Indonesia Kejar Jadi Eksportir Terbesar

NERACA

Jakarta – Berdasarkan data 2014 Indonesia menjadi negara eksportir nomer 3 untuk ikan hias di bawah Spanyol dan Jepang, dengan potensi ikan hias yang ada 240 jenis ikan hias laut dan 226 jenis ikan hias air tawar sangat memungkinkan Indonesia bisa menjadi negara produsen dan eksportir untuk komoditas ikan hias. Hanya saja memang harus ada management dan sinergitas antara pemerintah, pengusaha dan pembudidaya.

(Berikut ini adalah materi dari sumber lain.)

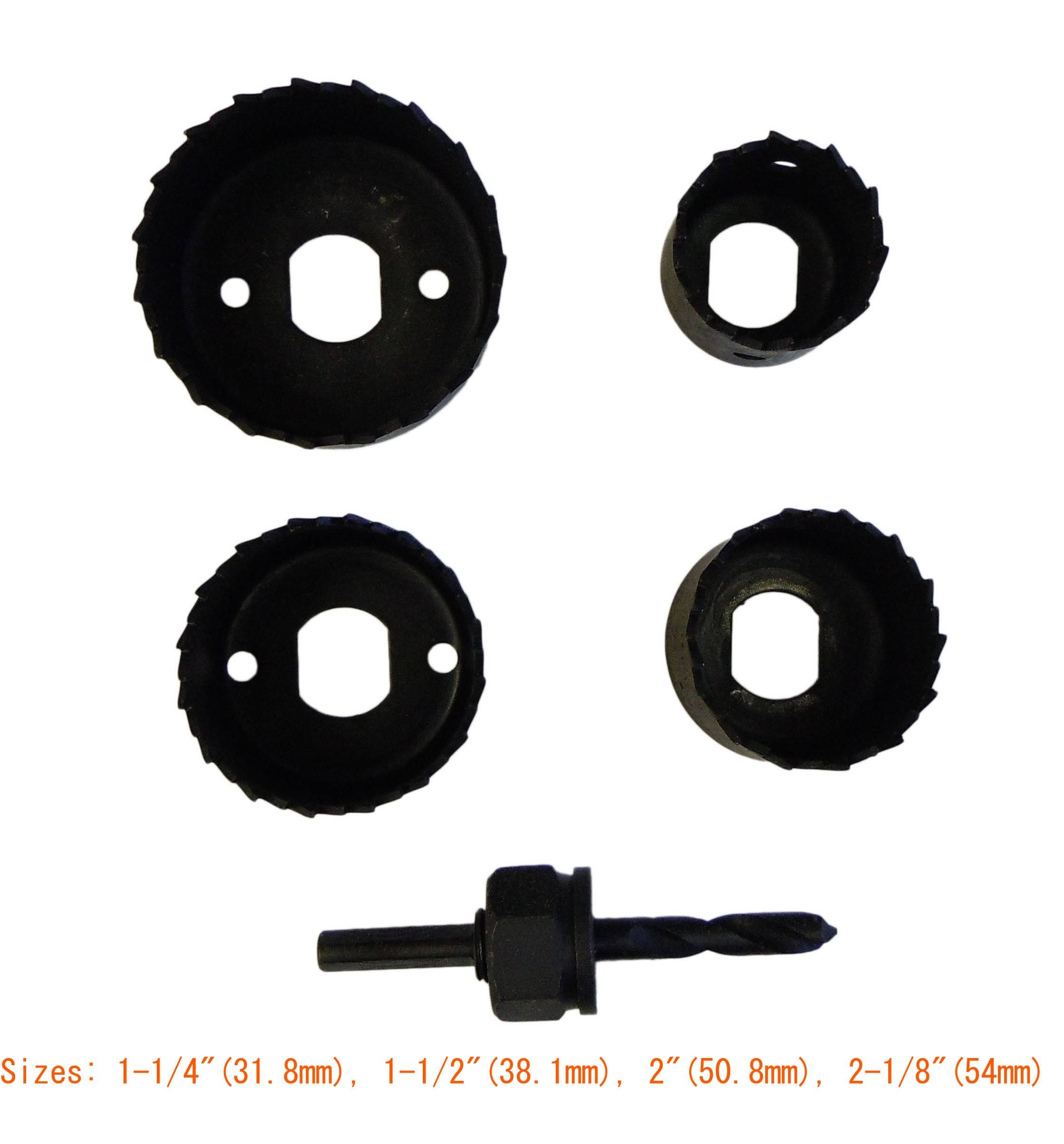 1 Pc. 1/4″(6.35mm) mandrel[linebreak]4 Pc. Popular hole saw blades designed for wood, composition, and plastic applications[linebreak]Sizes: 1-1/4″(31.8mm), 1-1/2″(38.1mm), 2″(50.8mm), 2-1/8″(54mm)

“Ikan hias ke depan dapat menjadi komoditas andalan baru bagi sektor kelautan dan perikanan. Besarnya animo masyarakat untuk menggeluti bisnis ini perlu menjadi perhatian serius KKP. Bisnis ikan hias tidak terbatas pada komoditas ikan hiasnya, tetapi juga menyangkut tanaman hias dan ornament pendukungnya, seperti aquarium, blower, dan lainnya. Kami meyakini bahwa bisnis ikan hias memiliki perputaran ekonomi yang luar biasa serta menjadi trend baru bagi masyarakat yang tinggal di wilayah perkotaan,” kata Kepala Badan Pengembangan SDM Kelautan dan Perikanan (BPSDM KP), Kementrian Kelautan dan Perikanan yang juga sebagai Ketua Dewan Ikan Hias Indonesia (DIHI), Suseno Sukoyono pada acara Focus Group Discussion (FGD) bertema “Bisnis Kaum Urban Melalui Ikan Hias“, di Jakarta, Selasa (15/7).

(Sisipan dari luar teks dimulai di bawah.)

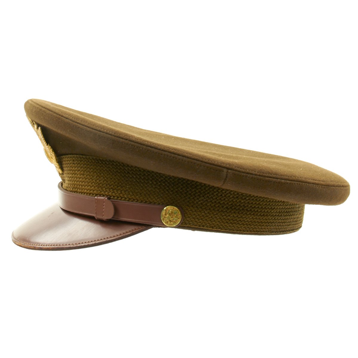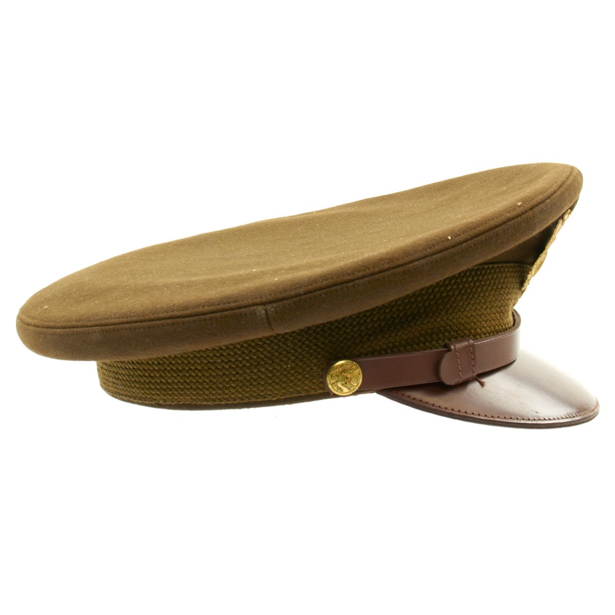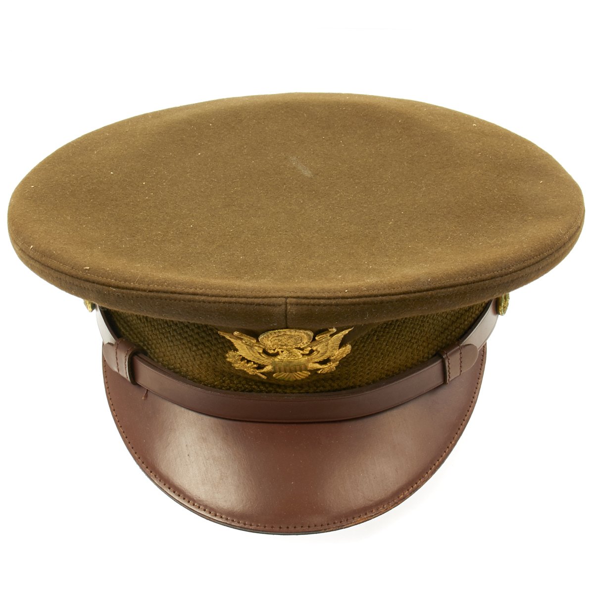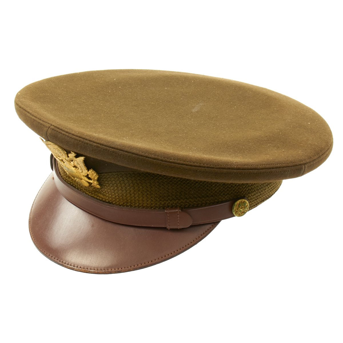 Original Item: Only One Available. This visor cap, in OD Green issue color, is offered in excellent condition. The sweatband is embossed with the retailer name NEWMAN"S JOPLIN, MISSOURI. The underside of the crown bears SUPERFINE KNOX NEW YORK logo. This peaked cap features a gold tone WWII Army Overseas insignia over a leather visor. Size is approximately a US 7.
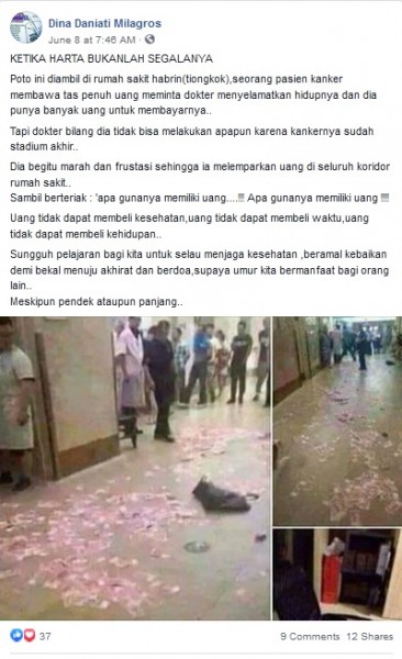 Akun Dina Daniati Milagros (fb.com/dina.daniati.7583) mengunggah gambar dengan narasi sebagai berikut:“KETIKA HARTA BUKANLAH SEGALANYAPoto ini diambil di rumah sakit habrin(tiongkok),seorang pasien kanker membawa tas penuh uang meminta dokter menyelamatkan hidupnya dan dia punya banyak uang untuk membayarnya..Tapi dokter bilang dia tidak bisa melakukan apapun karena kankernya sudah stadium akhir..Dia begitu marah dan frustasi sehingga ia melemparkan uang di seluruh koridor rumah sakit. Sambil berteriak : ‘apa gunanya memiliki uang….!!! Apa gunanya memiliki uang !!!!Uang tidak dapat membeli kesehatan,uang tidak dapat membeli waktu,uang tidak dapat membeli kehidupan. Sungguh pelajaran bagi kita untuk selau menjaga kesehatan ,beramal kebaikan demi bekal menuju akhirat dan berdoa,supaya umur kita bermanfaat bagi orang lain..Meskipun pendek ataupun panjang..”
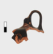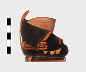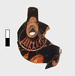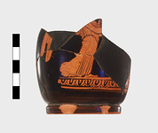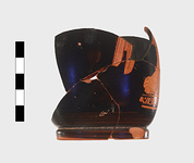 | Description: | Nine pieces make up to two non-joining fragments. a) Handle, part of neck and of body with heads of two figures. b) Foot and nearly half of body. Tongue pattern on lower neck; egg pattern as ground line for figures. Standing draped woman right, holding an oval object; facing her, the upper part of a winged figure, apparently truncated. | |
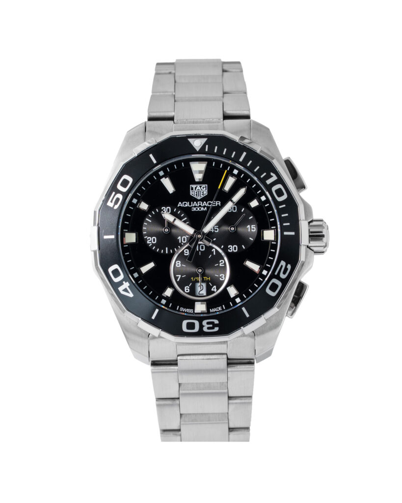 brand: Tag Heuer Reference: CAY111A Model: Aquaracer 300M case MATERIAL: Steel strap: Bracelet case Size (MM): 43mm Dial colour: Black Bezel: Steel Year: 06/2020 Condition: Excellent Box papers : Paperwork/box

Untuk mengarah kesana, tentu saja perlu dukungan dari pemerintah, pengusaha, dan pembudidaya, tujuannya adalah agar didapatkan kesepakatan bersama terkait dengan produksi, dan market atau negara tujuan ekspor. “Selama ini, ikan hias Indonesia mendominasi di dunia, hanya saja masalahnya ekspor kita biasanya tidak langsung ke negara tujuan, sehingga diklaim oleh negara lain,” imbuhnya.

Melihat fenomena itu, dia mengatakan, pentingnya BPSDM KP merasa perlu untuk ambil bagian dalam mewujudkan bisnis ikan hias sebagai kekuatan baru ekonomi kelautan dan perikanan. Menurutnya, Indonesia hendaknya tidak terbatas sebagai “surga” ikan hias, tetapi juga sebagai “raja” ekportir ikan hias di seluruh dunia. “Makanya upaya yang harus dilakukan tentu saja dengan meningkatkan pengetahuan dan pemahaman selain produksi juga dalam melakukan ekspor, oleh karenanya kami bersama dengan pelaku usaha di ikan hias akan memberikan pelatihan-pelatihan dan sosialisasi menyeluruh kepada masyarakat,” tegasnya.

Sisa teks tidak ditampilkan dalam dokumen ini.